Eirlys May Haslam 1931-2019

Too soon after her beloved Fred, we said goodbye to Eirlys Haslam at St Swithun’s Martyr Worthy on Tuesday 3rd December 2019.  The church was packed with over 75 friends and family.  We sand The Lord’s my shepherd, Praise my soul the King of Heaven, Lord of all Hopefulness and Guide me O thou Great Redeemer.  John Purver played the organ.  Suzanne Bevis played Harp – Bach prelude in C on a Welsh Harp during the service. We left the church to the sound of Land of my Fathers by Bryn Terfel.

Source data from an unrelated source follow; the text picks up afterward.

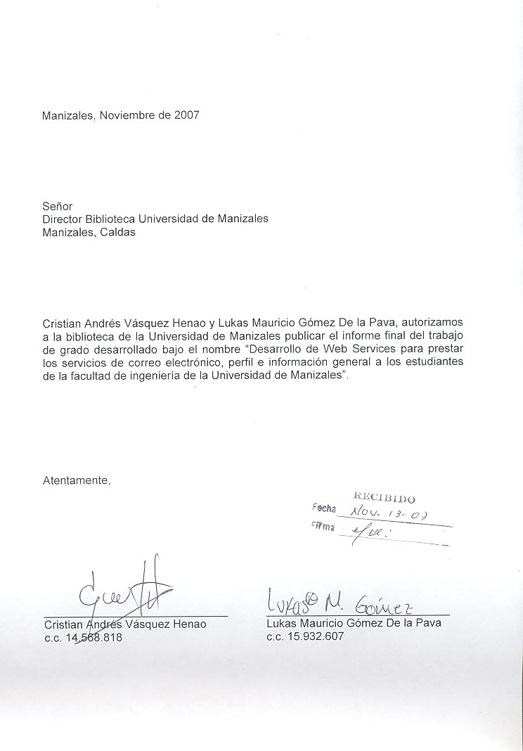 Desarrollo de web services para prestar los servicios de correo electrónico, perfil e información general a los estudiantes de la Facultad de Ingeniería de la Universidad de Manizales
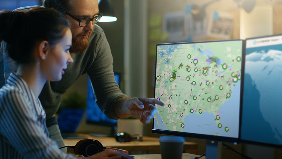 Los mapas mejorados le permiten ver sus envíos, además del clima, el tráfico y el monitoreo geopolítico para una visión holística.
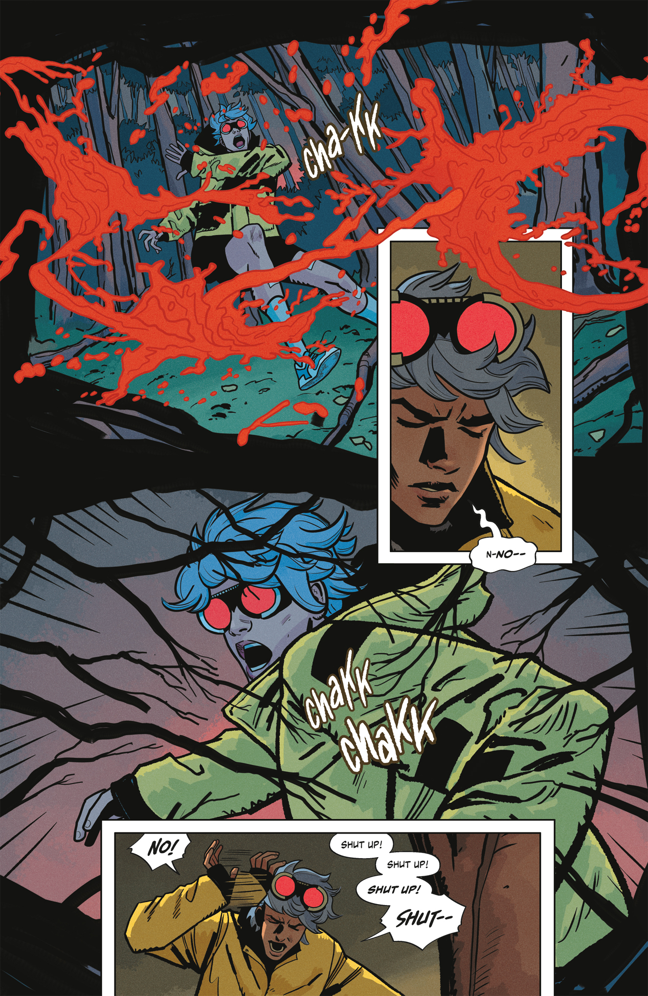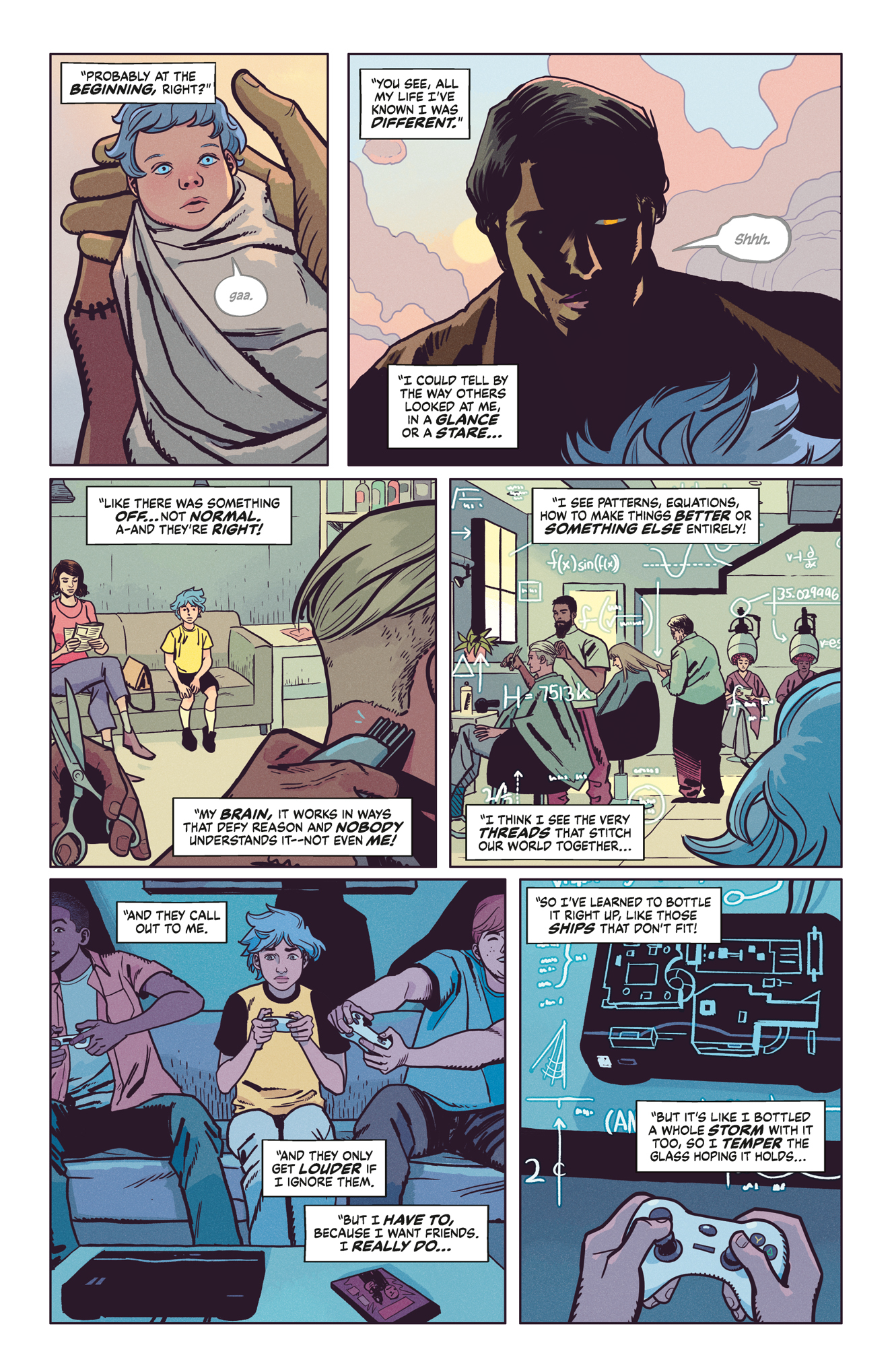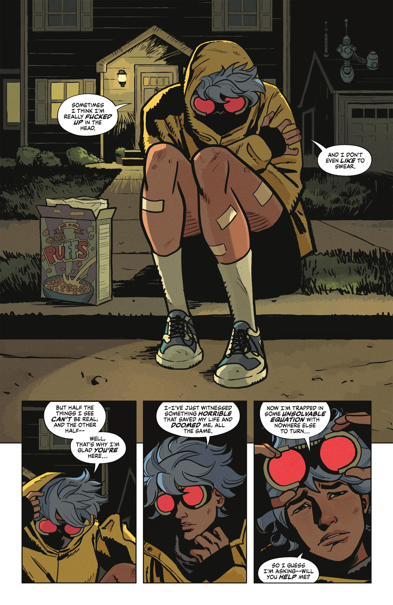 I see elements of the absurdity of Doom Patrol in Tate Brombal’s story. I see the influence of Mike Allred’s Madman in Isaac Goodhart’s art. And there’s a fair bit of Rick Riordan in James Tynion IV’s concept of a teenager who doesn’t fit in coming to terms with their fantastic powers in a world of gods and monsters.

The reading was Crossing the Bar by Alfred Lord Tennyson read by Olivia Bickford-Smith (her granddaughter)

Sunset and evening star,

And one clear call for me!

And may there be no moaning of the bar,

When I put out to sea,

But such a tide as moving seems asleep,

Too full for sound and foam,

When that which drew from out the boundless deep

Turns again home.

Twilight and evening bell,

And after that the dark!

And may there be no sadness of farewell,

When I embark;

For tho’ from out our bourne of Time and Place

The flood may bear me far,

I hope to see my Pilot face to face

When I have crost the bar.

Sally Johnstone and Jo Bickford-Smith (her daughters) gave the following tribute to Eirlys:

Jo and I just wanted to begin by thanking you all so very much for giving up your time to come and help us celebrate and remember Mums life. It is astonishingly sad, but perhaps not unexpected that we gather to do this so very soon after many of us gathered to remember our Father Fred (Mum died exactly three months to the day of his funeral). We are very grateful and very much appreciate all your support and kindness to us and to our families during what has been an incredibly sad and difficult year. We also want to say a special thank you to the marvellous team of local ladies for the beautiful flowers here in church today- Mum would have been so very touched and delighted.

So EIRLYS

 Mum was born in Coventry to rather elderly welsh parents, her father, Edward an engineer and her mother, May a businesswoman.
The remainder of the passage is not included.